— WHAT YOU HAVE TO DO —
No pictures go into the copy. Write out exactly the lines below from the one containing "Иногда, я оставляю" through the one containing "Fire Badge American".

— DATA RECORDS —
* * * *
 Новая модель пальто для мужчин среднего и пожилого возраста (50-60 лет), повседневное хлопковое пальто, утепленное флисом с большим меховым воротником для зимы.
* * * *
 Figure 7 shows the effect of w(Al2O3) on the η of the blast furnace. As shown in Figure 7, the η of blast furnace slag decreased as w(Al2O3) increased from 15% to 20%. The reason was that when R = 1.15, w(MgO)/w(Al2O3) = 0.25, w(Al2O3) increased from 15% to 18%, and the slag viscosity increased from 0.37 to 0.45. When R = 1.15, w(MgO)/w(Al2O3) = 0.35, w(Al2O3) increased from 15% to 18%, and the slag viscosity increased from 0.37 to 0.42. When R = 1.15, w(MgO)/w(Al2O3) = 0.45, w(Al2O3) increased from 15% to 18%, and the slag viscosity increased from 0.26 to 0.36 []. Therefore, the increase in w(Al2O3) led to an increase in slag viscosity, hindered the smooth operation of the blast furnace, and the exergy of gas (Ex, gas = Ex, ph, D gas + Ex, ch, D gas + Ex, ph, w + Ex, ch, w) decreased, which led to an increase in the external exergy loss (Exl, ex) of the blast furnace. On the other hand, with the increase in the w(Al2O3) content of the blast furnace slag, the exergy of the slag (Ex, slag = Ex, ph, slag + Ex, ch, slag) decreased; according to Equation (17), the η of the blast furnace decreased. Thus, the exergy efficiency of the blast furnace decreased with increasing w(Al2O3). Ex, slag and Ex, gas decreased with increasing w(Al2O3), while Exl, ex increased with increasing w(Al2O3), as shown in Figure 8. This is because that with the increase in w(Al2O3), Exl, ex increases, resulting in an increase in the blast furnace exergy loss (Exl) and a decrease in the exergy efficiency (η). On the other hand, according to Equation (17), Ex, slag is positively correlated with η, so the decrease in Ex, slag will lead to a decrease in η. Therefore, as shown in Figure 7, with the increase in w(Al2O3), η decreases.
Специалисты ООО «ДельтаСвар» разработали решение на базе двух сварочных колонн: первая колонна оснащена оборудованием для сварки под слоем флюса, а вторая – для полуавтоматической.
* * * *
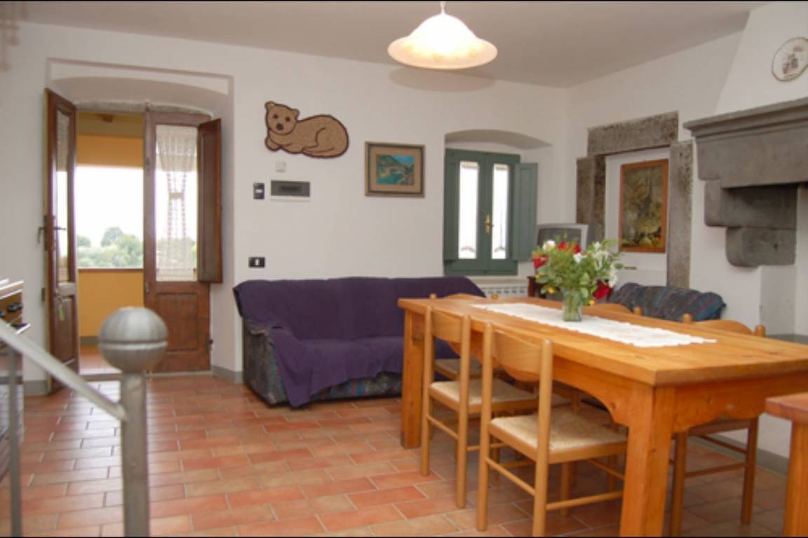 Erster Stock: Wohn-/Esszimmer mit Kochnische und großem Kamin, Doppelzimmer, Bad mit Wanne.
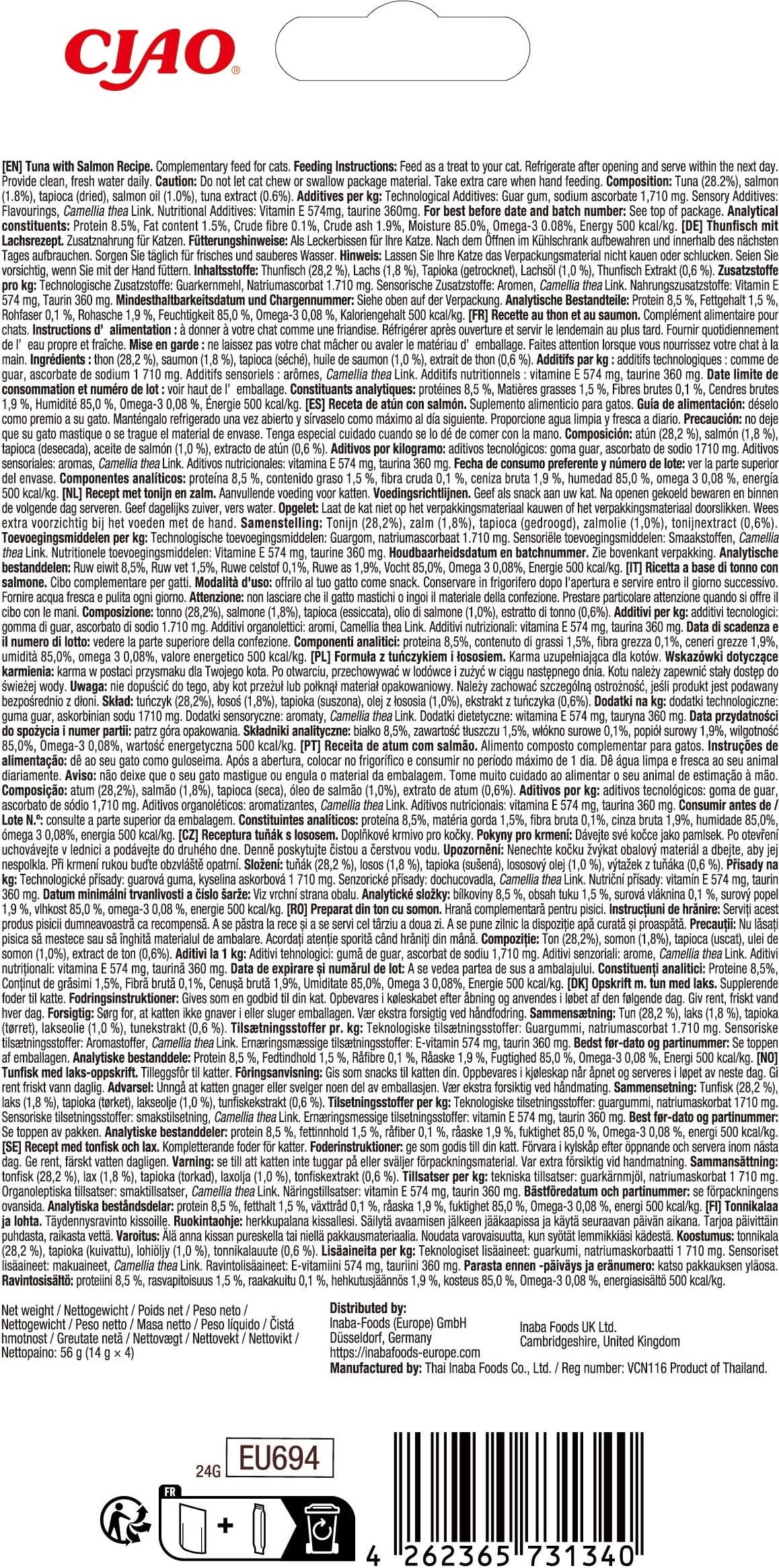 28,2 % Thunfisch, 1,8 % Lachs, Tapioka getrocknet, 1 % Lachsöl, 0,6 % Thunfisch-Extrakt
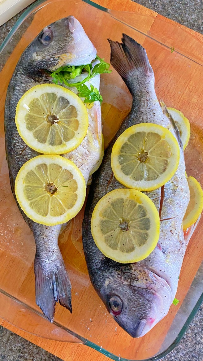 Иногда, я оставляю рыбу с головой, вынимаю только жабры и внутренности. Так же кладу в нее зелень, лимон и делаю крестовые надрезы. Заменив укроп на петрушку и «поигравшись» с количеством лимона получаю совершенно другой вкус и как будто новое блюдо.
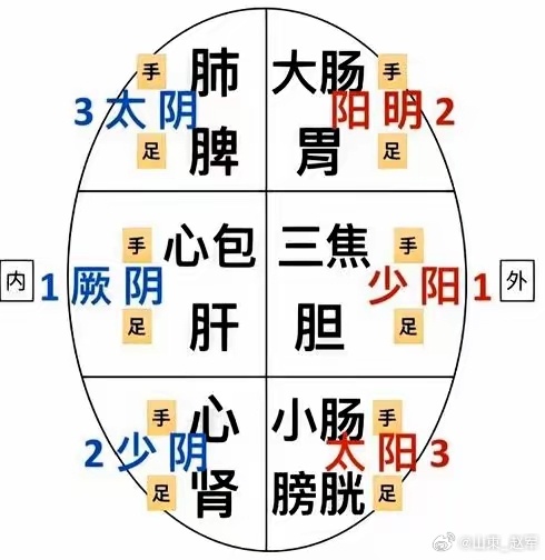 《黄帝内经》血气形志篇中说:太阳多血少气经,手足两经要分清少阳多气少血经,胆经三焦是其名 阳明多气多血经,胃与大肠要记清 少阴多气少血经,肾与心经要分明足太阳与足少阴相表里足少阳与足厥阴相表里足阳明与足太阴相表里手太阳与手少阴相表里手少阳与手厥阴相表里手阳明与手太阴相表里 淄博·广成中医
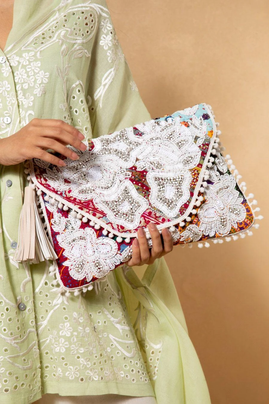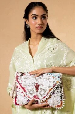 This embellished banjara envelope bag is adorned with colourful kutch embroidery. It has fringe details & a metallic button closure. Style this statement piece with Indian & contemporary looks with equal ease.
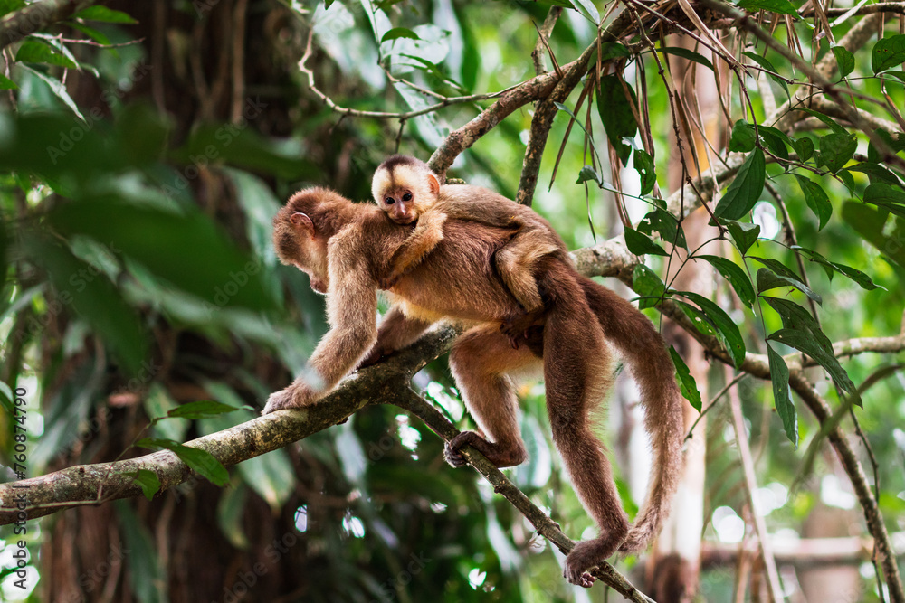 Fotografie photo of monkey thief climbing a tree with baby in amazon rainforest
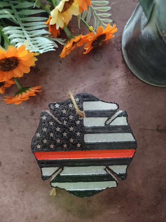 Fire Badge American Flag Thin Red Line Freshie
* * * *
— ANSWER TO THE EXERCISE —
 Иногда, я оставляю рыбу с головой, вынимаю только жабры и внутренности. Так же кладу в нее зелень, лимон и делаю крестовые надрезы. Заменив укроп на петрушку и «поигравшись» с количеством лимона получаю совершенно другой вкус и как будто новое блюдо.
 《黄帝内经》血气形志篇中说:太阳多血少气经,手足两经要分清少阳多气少血经,胆经三焦是其名 阳明多气多血经,胃与大肠要记清 少阴多气少血经,肾与心经要分明足太阳与足少阴相表里足少阳与足厥阴相表里足阳明与足太阴相表里手太阳与手少阴相表里手少阳与手厥阴相表里手阳明与手太阴相表里 淄博·广成中医
 This embellished banjara envelope bag is adorned with colourful kutch embroidery. It has fringe details & a metallic button closure. Style this statement piece with Indian & contemporary looks with equal ease.
 Fotografie photo of monkey thief climbing a tree with baby in amazon rainforest
 Fire Badge American Flag Thin Red Line Freshie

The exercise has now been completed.